This article is more than 1 year old

.NET Core 3 Preview 3 takes a bow, but best not hold your breath for the final release

Faint hopes of a Visual Studio 2019 treat dashed on the rocks of 'late 2019'

A third preview of .NET Core 3 has hit, along with the news that, no, the framework isn't going to feature in the upcoming Visual Studio 2019 until the second half of this year at the earliest.

Microsoft first gave a sneak peek of .NET Core 3 at Build 2018 and promised to deliver a first preview of the latest open-source, cross-platform version of Micrsoft .NET tech later that year and a "final version in 2019". It actually squeaked in right at the end of 2018.

Springtime for Visual Studio 2019, Autumn for .NET Core 3

As such, it is unsurprising to learn that "2019" has become "late 2019" for the much-anticipated production release of the open-source framework, replete with support for Windows desktop applications. The release will remove yet another reason for devs to keep using the ageing .NET Framework.

Visual Studio 2019 is due to hit on 2 April, less than a month from now, and while it will include .NET Core 2.1 and 2.2, 3.0 won't ship until the second half of 2019 – which means it will become part of a later update to Visual Studio 2019.

Richard Lander, program manager for the .NET team, has said the actual ship date will be announced at Microsoft's Build 2019 conference in May.

Lander also noted that future previews of .NET Core 3.0 will be emitted monthly from now on until release. Hopefully we will not see a Preview 12.

There are, however, plenty of tweaks in Preview 3 worthy of a closer look.

And they call it Docker love

Developers dealing with applications packaged with containers will be happy to hear that work has been done on memory limits. Lander admitted that the work done in 2017 on memory limits "isn't aggressive enough" with apps being killed as they blow past set limits. Setting Docker limits below 100MB gave results that Lander described as "not great".

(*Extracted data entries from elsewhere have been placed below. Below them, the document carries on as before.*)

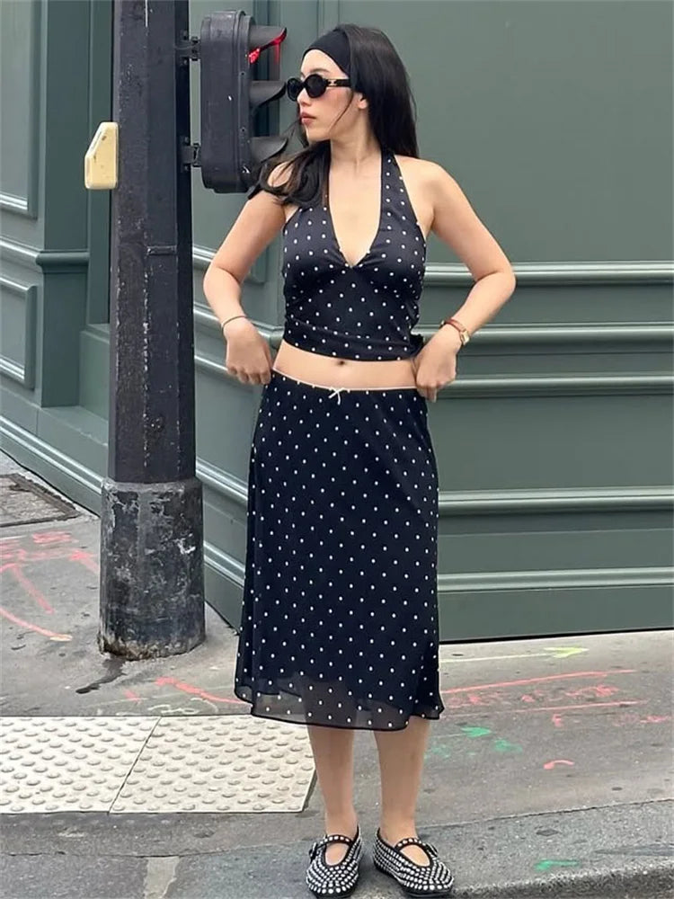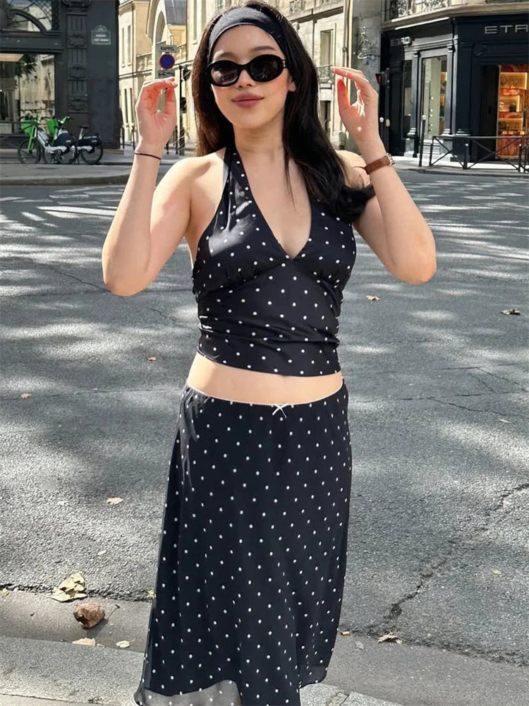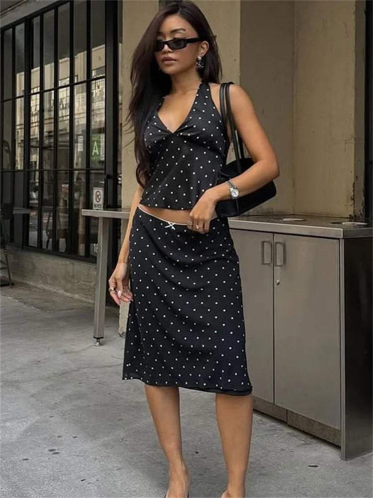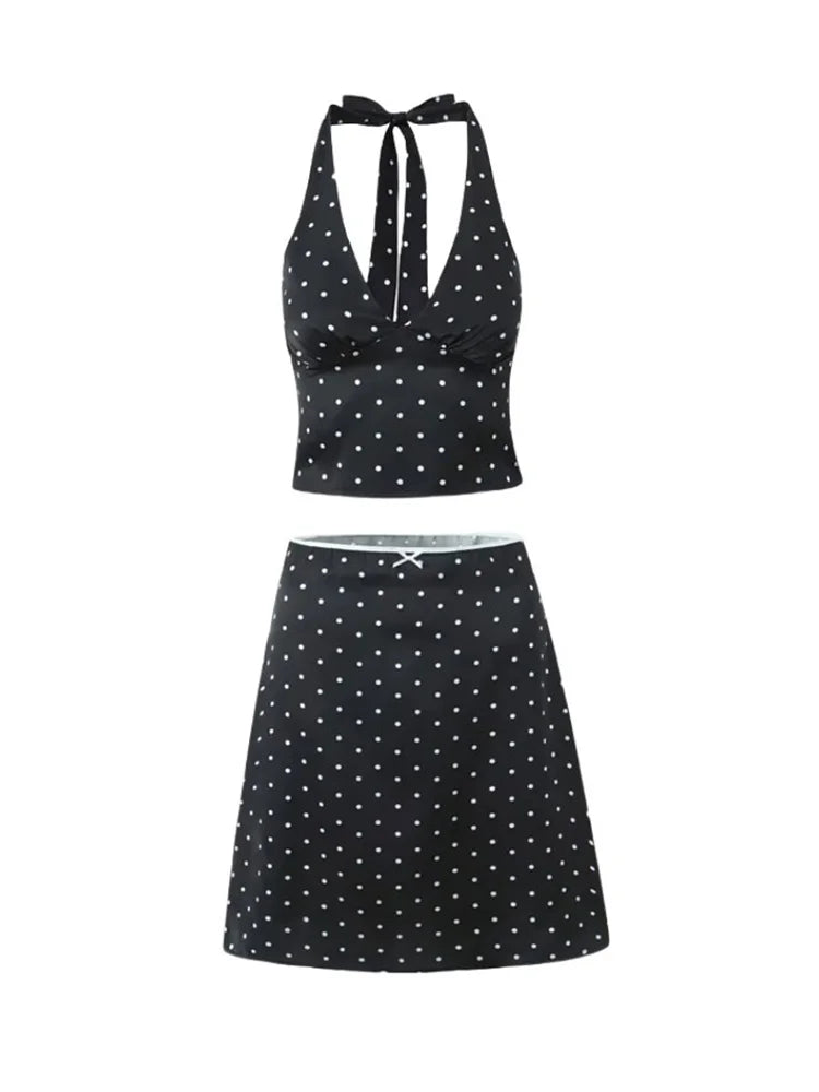 Lace-Up Sleeveless Top Bow Mini Skirt Outfits
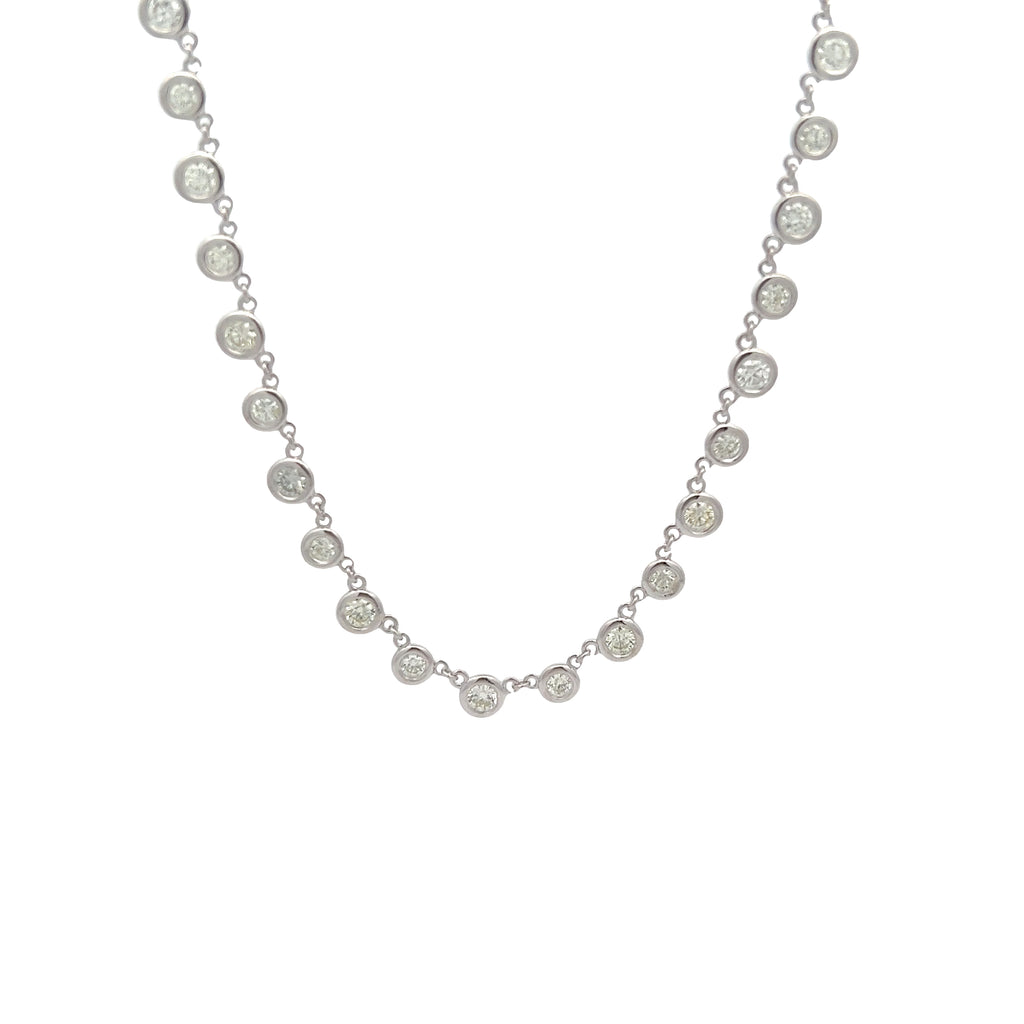 Individually bezel round brilliant cut diamonds evenly spaced along the 18" length of the necklace, each connected with a solid gold chain, ending with a strong clasp.
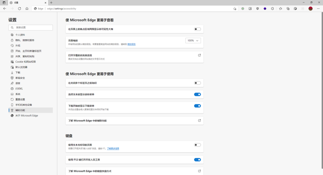 在「使 Microsoft Edge 更易于查看」这个部分中,我们可以调整页面缩放、打开字幕的系统首选项以及在页面焦点区域周围显示高可见性大纲;而「使 Microsoft Edge 更易于使用」这个部分则提供了在关闭多个标签页之前进行询问、选择文本时显示迷你菜单、下载开始时显示下载菜单等选项。

The gang has therefore implemented default heap maximums significantly lower than the Docker limits with an explicit size set as either an absolute value or a percentage of the control group (cgroup) limit. Lander acknowledged the focus had been making the limits work well for Linux containers and plans were afoot to do the same for Windows.

There is also support for authoring .NET Standard 2.1 libraries, although the default continues to be 2.0. After all, .NET Standard 2.1 isn't going to be supported by the .NET Framework any time soon. And, of course, if you want any of that .NET Standard 2.1 goodness in Visual Studio, you had best upgrade to 2019. It won't be supported in 2017.

A minor increment over .NET Standard 2.0, 2.1 includes support for handy features such as Span<T> as well as virtually all of the 800 or so new members added since .NET Core was open-sourced.

As for the much-wished-for Windows Desktop functionality, high DPI support has been added to the Application class. Lander also issued an update on the open-sourcing of the Windows Presentation Foundation (WPF) and WinForms projects. The gang is nearing the end of the work and expect the remaining bits of WPF code to be published some time after .NET Core Preview 4.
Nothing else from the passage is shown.